There is one span to output from the data below: the lines starting at the line with "Barca naranja de" and ending at the line with "- Ein besonderes". Output it exactly, ends included, nothing more.

_SOURCE INFORMATION_
- Opening Delimiter -
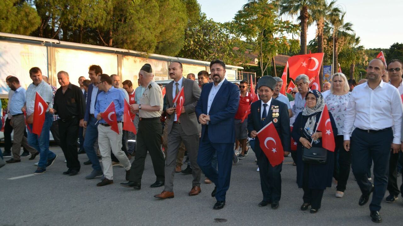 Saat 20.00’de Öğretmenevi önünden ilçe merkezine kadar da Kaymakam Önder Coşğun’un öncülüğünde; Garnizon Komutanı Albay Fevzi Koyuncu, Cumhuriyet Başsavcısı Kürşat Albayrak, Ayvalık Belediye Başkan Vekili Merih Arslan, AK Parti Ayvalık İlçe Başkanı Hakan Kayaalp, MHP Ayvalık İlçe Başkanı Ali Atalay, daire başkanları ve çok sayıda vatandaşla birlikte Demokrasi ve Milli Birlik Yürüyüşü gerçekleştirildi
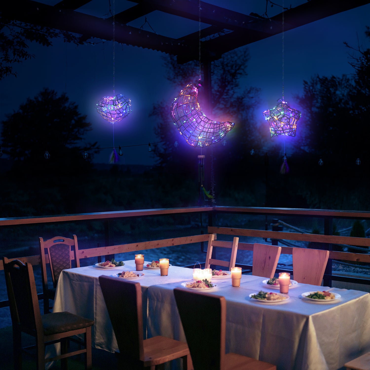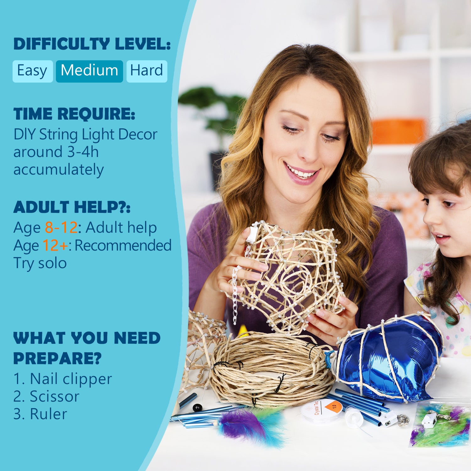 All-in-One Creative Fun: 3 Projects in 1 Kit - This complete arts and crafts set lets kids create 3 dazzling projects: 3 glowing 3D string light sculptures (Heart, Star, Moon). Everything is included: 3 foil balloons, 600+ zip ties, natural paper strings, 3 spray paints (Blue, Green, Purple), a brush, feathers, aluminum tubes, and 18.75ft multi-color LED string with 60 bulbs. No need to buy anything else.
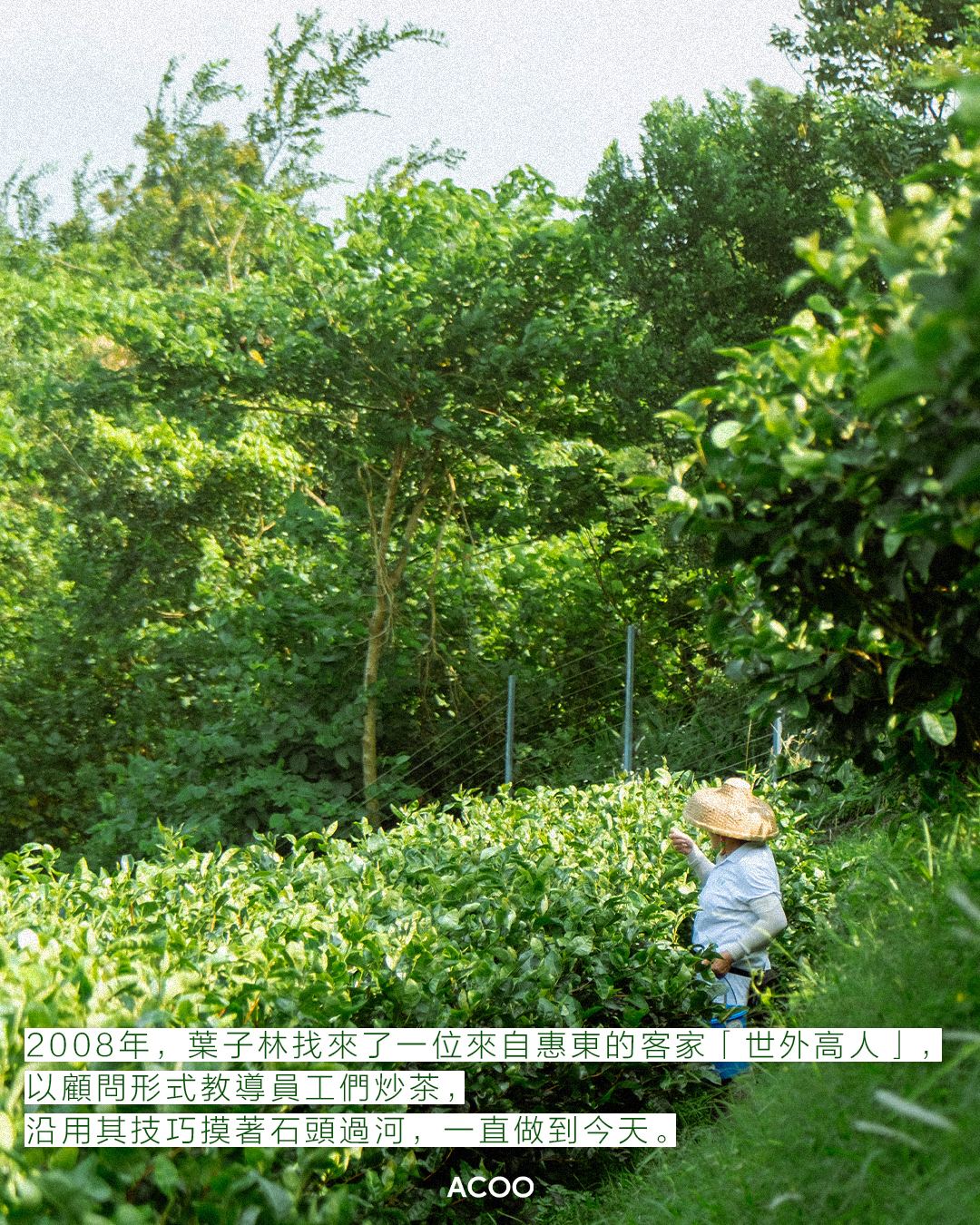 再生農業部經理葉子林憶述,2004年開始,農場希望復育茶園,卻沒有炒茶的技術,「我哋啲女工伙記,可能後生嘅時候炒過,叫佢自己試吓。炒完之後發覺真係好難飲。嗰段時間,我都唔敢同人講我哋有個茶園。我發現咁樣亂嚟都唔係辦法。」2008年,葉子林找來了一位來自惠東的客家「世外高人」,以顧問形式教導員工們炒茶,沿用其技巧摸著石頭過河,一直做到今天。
- Closing Delimiter -
- Opening Delimiter -
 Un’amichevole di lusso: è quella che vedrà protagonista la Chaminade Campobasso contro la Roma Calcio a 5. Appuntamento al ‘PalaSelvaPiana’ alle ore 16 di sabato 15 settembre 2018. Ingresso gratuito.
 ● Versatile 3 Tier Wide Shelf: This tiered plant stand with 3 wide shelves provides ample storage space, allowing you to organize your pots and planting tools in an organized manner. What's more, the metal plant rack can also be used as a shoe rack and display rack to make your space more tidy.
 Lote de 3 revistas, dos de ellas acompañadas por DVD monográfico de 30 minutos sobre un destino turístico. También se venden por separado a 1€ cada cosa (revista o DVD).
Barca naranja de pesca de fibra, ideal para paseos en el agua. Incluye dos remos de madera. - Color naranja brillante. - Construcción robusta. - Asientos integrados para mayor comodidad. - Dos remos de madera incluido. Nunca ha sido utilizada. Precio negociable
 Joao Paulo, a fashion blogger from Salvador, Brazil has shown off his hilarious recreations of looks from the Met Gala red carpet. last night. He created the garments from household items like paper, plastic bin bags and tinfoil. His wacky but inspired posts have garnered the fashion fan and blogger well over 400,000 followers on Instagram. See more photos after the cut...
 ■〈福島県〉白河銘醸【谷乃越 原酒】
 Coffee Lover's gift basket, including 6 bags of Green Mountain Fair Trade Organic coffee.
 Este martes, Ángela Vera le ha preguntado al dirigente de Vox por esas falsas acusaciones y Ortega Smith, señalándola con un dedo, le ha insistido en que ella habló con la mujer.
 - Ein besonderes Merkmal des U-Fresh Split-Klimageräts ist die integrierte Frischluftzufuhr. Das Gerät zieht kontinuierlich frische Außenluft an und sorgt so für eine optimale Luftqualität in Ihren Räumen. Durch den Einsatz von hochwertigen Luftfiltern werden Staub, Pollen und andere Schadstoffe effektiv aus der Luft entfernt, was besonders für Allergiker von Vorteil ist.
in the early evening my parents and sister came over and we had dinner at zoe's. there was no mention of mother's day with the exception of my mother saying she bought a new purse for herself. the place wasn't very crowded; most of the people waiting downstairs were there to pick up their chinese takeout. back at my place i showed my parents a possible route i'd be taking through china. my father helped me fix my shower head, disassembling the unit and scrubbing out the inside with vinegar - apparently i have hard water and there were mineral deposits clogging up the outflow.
- Closing Delimiter -
_TASK RESULT_
Barca naranja de pesca de fibra, ideal para paseos en el agua. Incluye dos remos de madera. - Color naranja brillante. - Construcción robusta. - Asientos integrados para mayor comodidad. - Dos remos de madera incluido. Nunca ha sido utilizada. Precio negociable
 Joao Paulo, a fashion blogger from Salvador, Brazil has shown off his hilarious recreations of looks from the Met Gala red carpet. last night. He created the garments from household items like paper, plastic bin bags and tinfoil. His wacky but inspired posts have garnered the fashion fan and blogger well over 400,000 followers on Instagram. See more photos after the cut...
 ■〈福島県〉白河銘醸【谷乃越 原酒】
 Coffee Lover's gift basket, including 6 bags of Green Mountain Fair Trade Organic coffee.
 Este martes, Ángela Vera le ha preguntado al dirigente de Vox por esas falsas acusaciones y Ortega Smith, señalándola con un dedo, le ha insistido en que ella habló con la mujer.
 - Ein besonderes Merkmal des U-Fresh Split-Klimageräts ist die integrierte Frischluftzufuhr. Das Gerät zieht kontinuierlich frische Außenluft an und sorgt so für eine optimale Luftqualität in Ihren Räumen. Durch den Einsatz von hochwertigen Luftfiltern werden Staub, Pollen und andere Schadstoffe effektiv aus der Luft entfernt, was besonders für Allergiker von Vorteil ist.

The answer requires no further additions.